The conclusions in a recent report on the causes of the financial crisis point the finger at the government. As reported in the Washington Post:



GOP members of the Financial Crisis Inquiry Commission pointed the finger at politicians in Washington for promoting lax mortgage lending standards that allowed lower- and moderate-income people to buy homes beyond their means.


Specifically, they wrote, the Clinton and Bush administrations turned mortgage finance companies Fannie and Freddie Mac, chartered by Congress to expand homeownership, into “two enormous monoline hedge funds” whose “only option available was to invest in mortgages of increasingly lower quality and higher risk to the taxpayer.”


George Mason University Professor, Russ Roberts, published a paper, called Gambling with Other People’s Money: How Perverted Incentives Caused the Financial Crisis, holding the government and Wall Street jointly accountable for their actions, in what had become an overly cozy relationship. His thesis is that:



…public-policy decisions have perverted the incentives that naturally create stability in financial markets and the market for housing. Over the last three decades, government policy has coddled creditors, reducing the risk they face from financing bad investments. Not surprisingly, this encouraged risky investments financed by borrowed money. The increasing use of debt mixed with housing policy, monetary policy, and tax policy crippled the housing market and the financial sector. Wall Street is not blameless in this debacle. It lobbied for the policy decisions that created the mess.

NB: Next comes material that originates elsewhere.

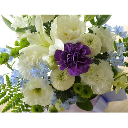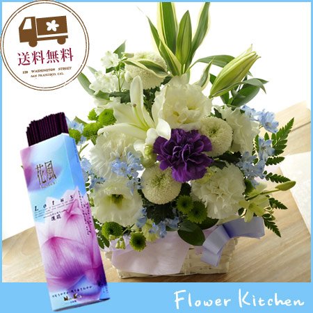 お供え線香セット ユリ供花アレンジ カラー 白に青紫を入れて +線香 花風ロータス蓮花

In his paper, Roberts provides the following evidence for his argument that the government and Wall Street are way too cozy with each other:



Wall Street helps write the rules of the game. Wall Street staffs the Treasury Department. Washington staffs Fannie Mae and Freddie Mac. In the week before the AIG bailout that put $14.9 billion into the coffers of Goldman Sachs, Treasury Secretary and former Goldman Sachs CEO Henry Paulson called Goldman Sachs CEO Lloyd Blankfein at least 24 times. I don’t think they were talking about how their kids were doing.


If you were hoping that the government had learned its lesson after the crash came down two years ago, don’t be mistaken. The details on the financial regulation were almost certainly heavily influenced by the about 150 ex-regulators who were registered as lobbyists as the financial rules were written last year.

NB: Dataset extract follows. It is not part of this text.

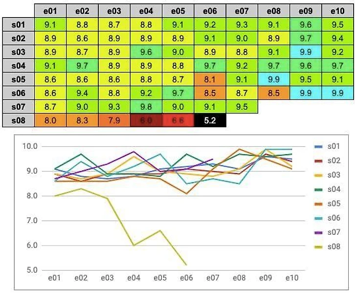Но вот мы снова смотрим на эти оценки и можем задуматься: «Да как же так! Как сериал мог так низко упасть? Неужели дело только в восьмом сезоне?».

Revolving door politics are continuing unabated, as exemplified by the recent career moves of Theo Lubke and Peter Orszag:



For the second time in two weeks a high-ranking recent U.S. public servant has traded a position of influence in the corridors of power for a massive paycheck working for an institution that owes its very existence to government largess.

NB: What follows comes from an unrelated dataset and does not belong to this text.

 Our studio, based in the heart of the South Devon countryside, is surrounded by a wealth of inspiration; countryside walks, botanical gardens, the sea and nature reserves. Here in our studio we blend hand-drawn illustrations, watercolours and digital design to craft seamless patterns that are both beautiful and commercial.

This time it is Theo Lubke, who has transitioned smoothly from heading the New York Federal Reserve Bank’s derivative regulation effort to working for Goldman Sachs, where he can be expected to, well, help it do well out of regulation, current and future.


Last week it was Peter Orszag, who until July was the Obama administration’s Director of the Office of Management and Budget, joining Citigroup’s investment banking unit as a vice chairman. Several days before that Citi hired George W. Bush’s Commerce Secretary, Carlos Gutierrez, as vice chairman for its institutional clients group.


Public-private partnerships, as warm and fuzzy as the term sounds, should be taken as strong signals that trouble is ahead.  Regulated industries often capture the regulators, with regulations creating merely the appearance of the government acting on behalf of its constituents, when in reality, government and industry conspire to the detriment of taxpayers and consumers.